Korean bank marks fifth attempt to sell off life insurance unit
Korean bank marks fifth attempt to sell off life insurance unit | Insurance Business Asia
Life & Health
Korean bank marks fifth attempt to sell off life insurance unit
The unit is looking to gain approval for a capital reduction plan to reduce financial burden
Life & Health
By
Kenneth Araullo
Korea Development Bank (KDB) is marking a fifth attempt to sell off its life insurance unit, KDB Life Insurance, with several private equity funds submitting letters of intent for the deal.
KDB has attempted to sell the unit back in 2014, 2016, and 2020. In 2020, JC Partners was successfully selected as the preferred negotiating partner, but the deal fell through due to qualification issues for the controlling shareholder.
With the life insurance industry in the country becoming less attractive due to an aging population, KDB is now trying for a fifth time to sell the unit.
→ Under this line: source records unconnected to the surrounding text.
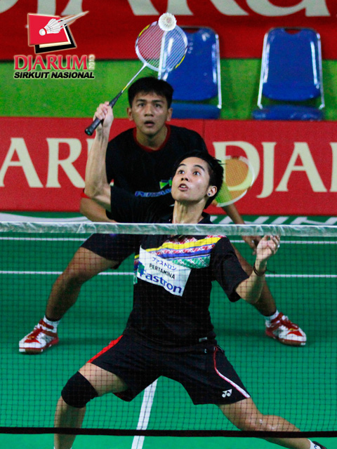 Nur Wahid/Eri Octaviana (Jaya Raya Suryanaga/Pusdiklat Jaya Raya) menyambut serve dari Rahmat Adianto/Deariska Putri (PB Djarum).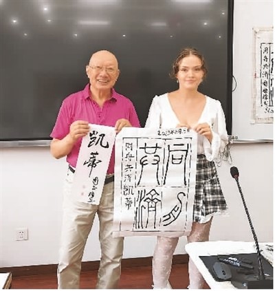 我最喜欢的是书法课,中国书法是以汉字为依托的古老艺术形式,很让人着迷。在书法老师的笔下,我们的中文名字有了不一样的美,就像画一样。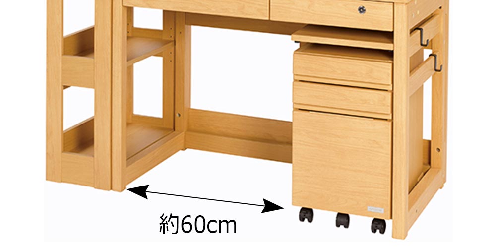 スリムなワゴンを採用することで足元スペース約60cmのゆったりサイズを確保。体の出し入れがしやすく、大きめの椅子も収まりやすい空間です。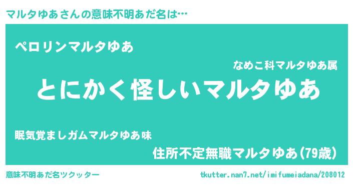 | 胡散臭い通販商品みたいなあだ名 | 『信頼と実績のサプリメント…その名も「マルタゆあ」』 |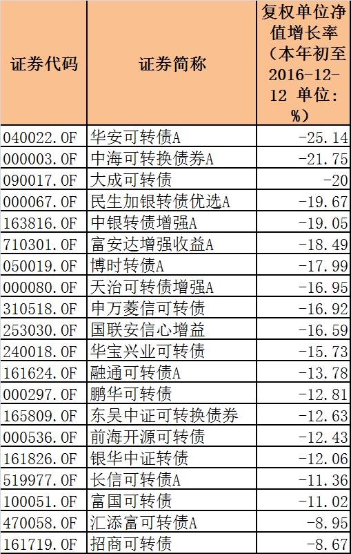 数据显示,截至12月12日,华安可转债A以-25.14%位列今年以来债基最大亏损头名,中海可转换债券A、大成可转债亏损幅度也超过了20%,这种波动幅度堪比股票型基金。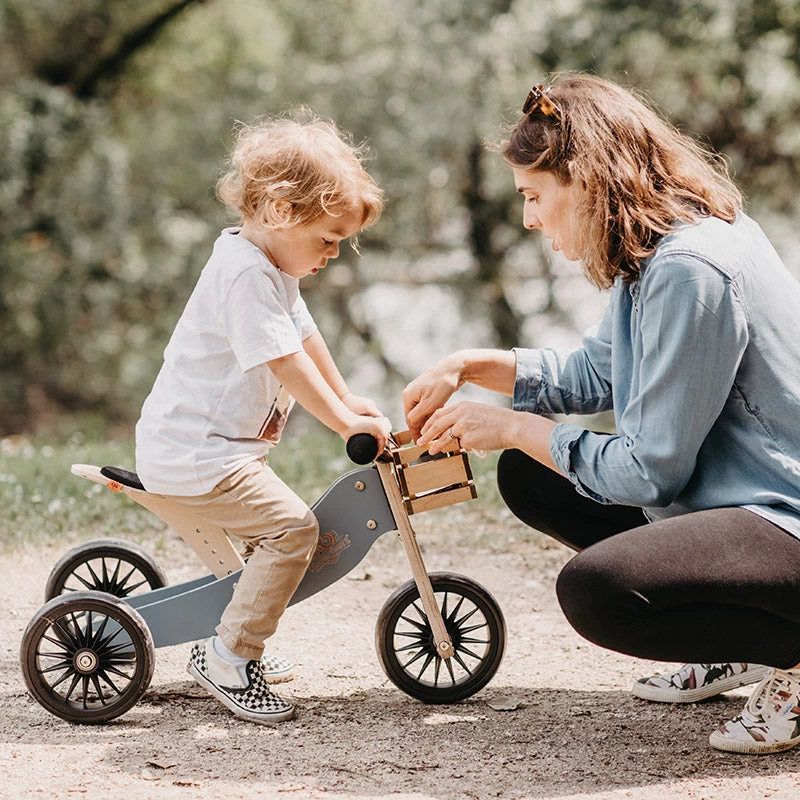 The Slate Blue Tiny Tot PLUS is a larger size to the award winning Kinderfeets 2-in-1 balance bike and trike. This stylish design is crafted from painted and lacquered birch wood.

To make the sale more viable for potential bidders, a report from Pulse News Korea found that the bank is taking steps to reduce the financial burden by reducing the capital of KDB Life Insurance.
Industry sources close to the matter said that Samil PwC, the current lead adviser for the sale, has receive to letters of intent from at least two new private equity funds. The sale will involve 92.7% of the total stake in KDB Life Insurance, with market observers estimating the price at around US$150 million.
The lead adviser will continue to receive letters of intent until the main bidding, which is scheduled from sometime in early to mid-June. On June 8, a shareholders’ meeting is also scheduled to gain approval for a capital reduction plan.